Look through the data below and output, unchanged, every line from the one holding "(宋朝詩(shī)詞)裒集詩" through the one holding "흑마늘100% 흑마늘액 80ml x 30팩 [국내산]", inclusive. Skip the pictures.

> _Data for processing_
________________

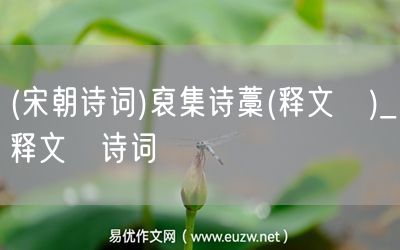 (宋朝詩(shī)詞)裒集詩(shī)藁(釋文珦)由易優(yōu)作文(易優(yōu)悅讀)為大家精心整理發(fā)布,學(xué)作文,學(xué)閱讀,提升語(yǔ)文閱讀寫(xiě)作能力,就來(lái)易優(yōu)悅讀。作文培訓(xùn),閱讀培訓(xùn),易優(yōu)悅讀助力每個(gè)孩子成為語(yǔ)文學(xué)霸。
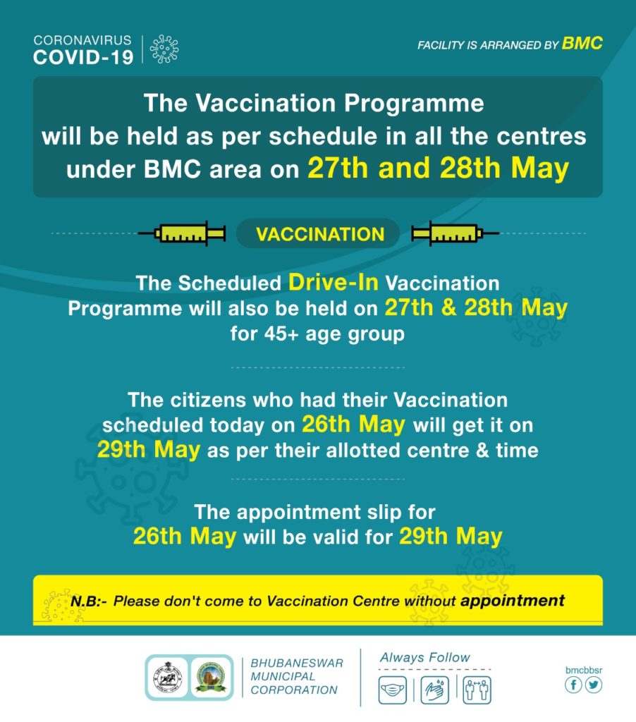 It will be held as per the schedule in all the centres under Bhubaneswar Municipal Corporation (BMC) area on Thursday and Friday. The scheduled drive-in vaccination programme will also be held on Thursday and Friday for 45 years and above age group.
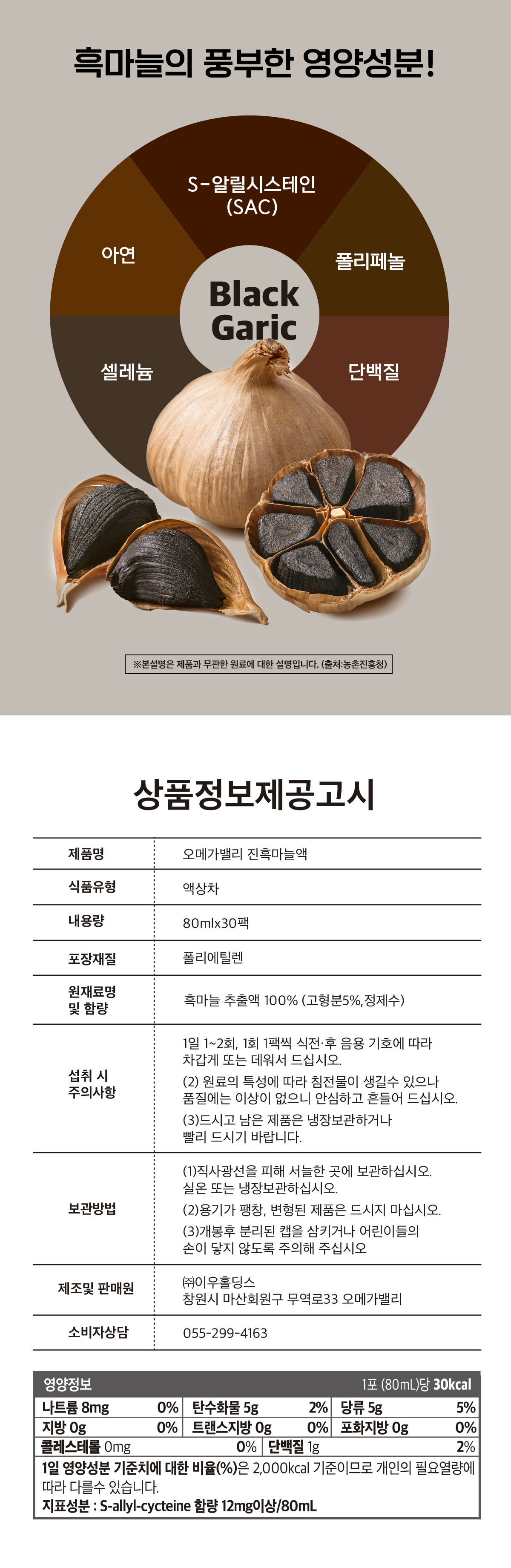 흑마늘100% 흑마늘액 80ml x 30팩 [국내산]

________________

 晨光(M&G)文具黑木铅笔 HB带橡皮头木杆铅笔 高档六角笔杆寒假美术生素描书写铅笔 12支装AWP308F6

________________

> _Your response_
 (宋朝詩(shī)詞)裒集詩(shī)藁(釋文珦)由易優(yōu)作文(易優(yōu)悅讀)為大家精心整理發(fā)布,學(xué)作文,學(xué)閱讀,提升語(yǔ)文閱讀寫(xiě)作能力,就來(lái)易優(yōu)悅讀。作文培訓(xùn),閱讀培訓(xùn),易優(yōu)悅讀助力每個(gè)孩子成為語(yǔ)文學(xué)霸。
 It will be held as per the schedule in all the centres under Bhubaneswar Municipal Corporation (BMC) area on Thursday and Friday. The scheduled drive-in vaccination programme will also be held on Thursday and Friday for 45 years and above age group.
 흑마늘100% 흑마늘액 80ml x 30팩 [국내산]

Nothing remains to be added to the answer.